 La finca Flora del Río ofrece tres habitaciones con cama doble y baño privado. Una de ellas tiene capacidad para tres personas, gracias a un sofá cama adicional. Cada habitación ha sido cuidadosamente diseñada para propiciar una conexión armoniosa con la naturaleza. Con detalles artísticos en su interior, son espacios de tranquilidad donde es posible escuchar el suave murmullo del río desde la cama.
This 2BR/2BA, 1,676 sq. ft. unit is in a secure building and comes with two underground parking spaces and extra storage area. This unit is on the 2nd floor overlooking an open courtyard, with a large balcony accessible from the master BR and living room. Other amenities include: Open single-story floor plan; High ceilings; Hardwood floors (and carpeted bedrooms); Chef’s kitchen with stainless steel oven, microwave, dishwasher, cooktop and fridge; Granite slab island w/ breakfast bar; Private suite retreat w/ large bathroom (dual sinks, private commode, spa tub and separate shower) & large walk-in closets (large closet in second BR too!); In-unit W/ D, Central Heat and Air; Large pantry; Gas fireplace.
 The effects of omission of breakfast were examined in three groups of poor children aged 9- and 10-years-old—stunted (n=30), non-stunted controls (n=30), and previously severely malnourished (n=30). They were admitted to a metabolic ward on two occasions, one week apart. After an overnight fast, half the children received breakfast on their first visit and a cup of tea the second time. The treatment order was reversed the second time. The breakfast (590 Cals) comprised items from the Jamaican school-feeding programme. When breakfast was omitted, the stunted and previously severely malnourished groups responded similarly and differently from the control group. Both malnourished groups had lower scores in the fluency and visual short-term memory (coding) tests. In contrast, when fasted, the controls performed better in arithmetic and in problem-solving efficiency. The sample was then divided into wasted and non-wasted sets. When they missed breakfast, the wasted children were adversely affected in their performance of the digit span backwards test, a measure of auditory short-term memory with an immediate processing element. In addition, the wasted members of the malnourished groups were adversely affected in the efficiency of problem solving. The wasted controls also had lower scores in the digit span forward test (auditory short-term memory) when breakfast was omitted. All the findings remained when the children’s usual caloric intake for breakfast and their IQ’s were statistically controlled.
---
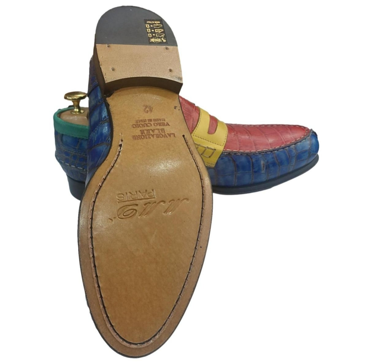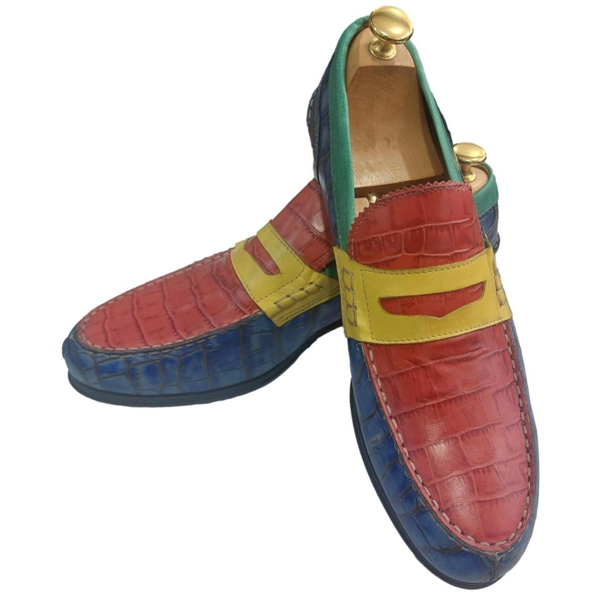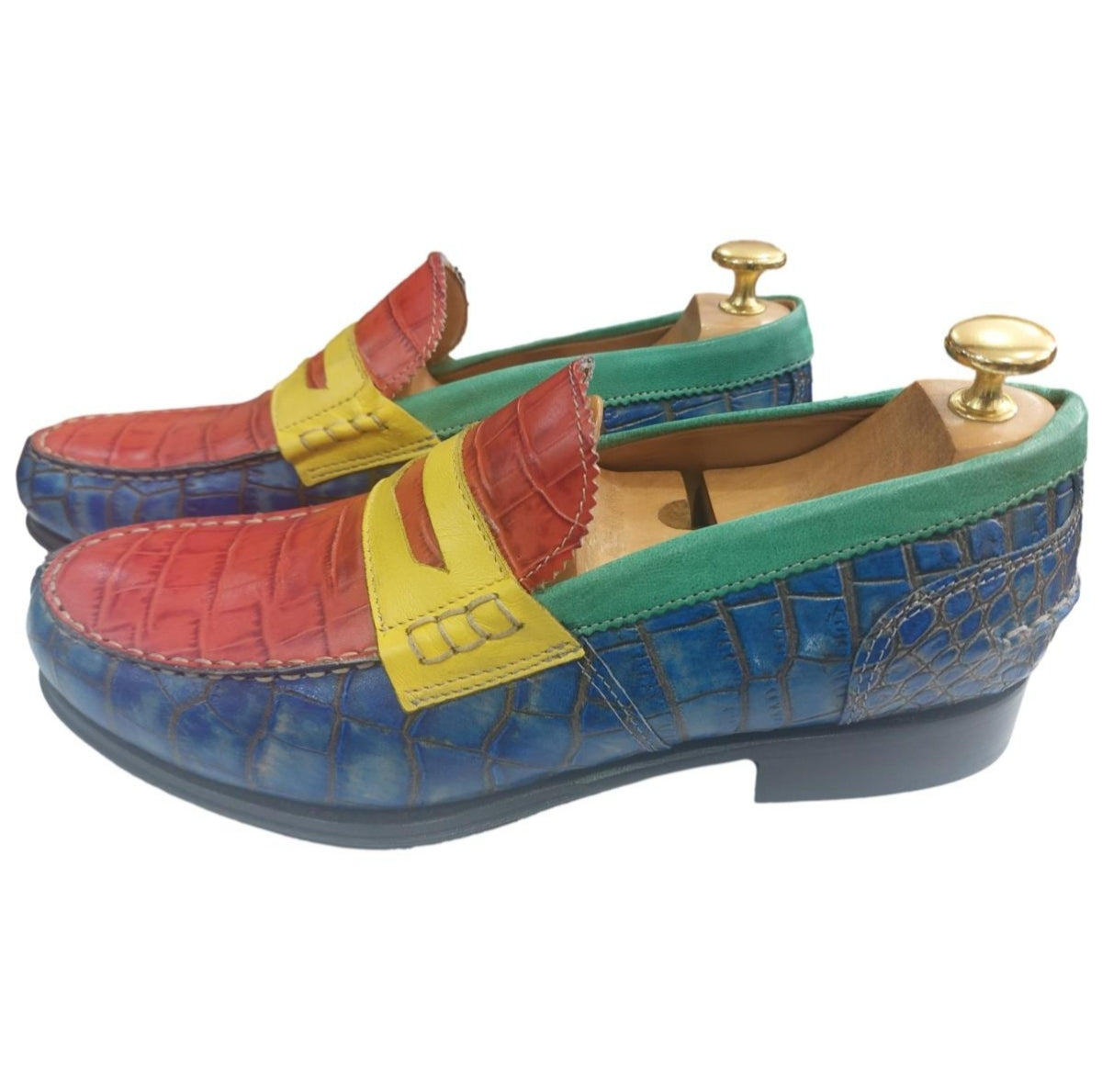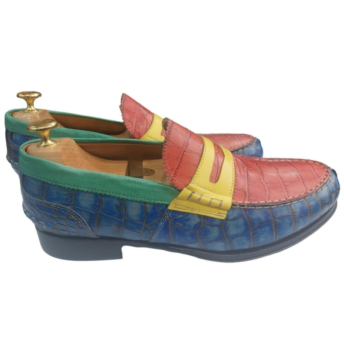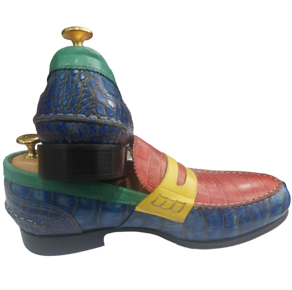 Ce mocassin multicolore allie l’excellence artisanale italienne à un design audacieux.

— To do —
Would you quote everything above from the line containing "La finca Flora" down to the line containing "This 2BR/2BA, 1,676"? Include both of those lines and nothing else.

— Task response —
 La finca Flora del Río ofrece tres habitaciones con cama doble y baño privado. Una de ellas tiene capacidad para tres personas, gracias a un sofá cama adicional. Cada habitación ha sido cuidadosamente diseñada para propiciar una conexión armoniosa con la naturaleza. Con detalles artísticos en su interior, son espacios de tranquilidad donde es posible escuchar el suave murmullo del río desde la cama.
This 2BR/2BA, 1,676 sq. ft. unit is in a secure building and comes with two underground parking spaces and extra storage area. This unit is on the 2nd floor overlooking an open courtyard, with a large balcony accessible from the master BR and living room. Other amenities include: Open single-story floor plan; High ceilings; Hardwood floors (and carpeted bedrooms); Chef’s kitchen with stainless steel oven, microwave, dishwasher, cooktop and fridge; Granite slab island w/ breakfast bar; Private suite retreat w/ large bathroom (dual sinks, private commode, spa tub and separate shower) & large walk-in closets (large closet in second BR too!); In-unit W/ D, Central Heat and Air; Large pantry; Gas fireplace.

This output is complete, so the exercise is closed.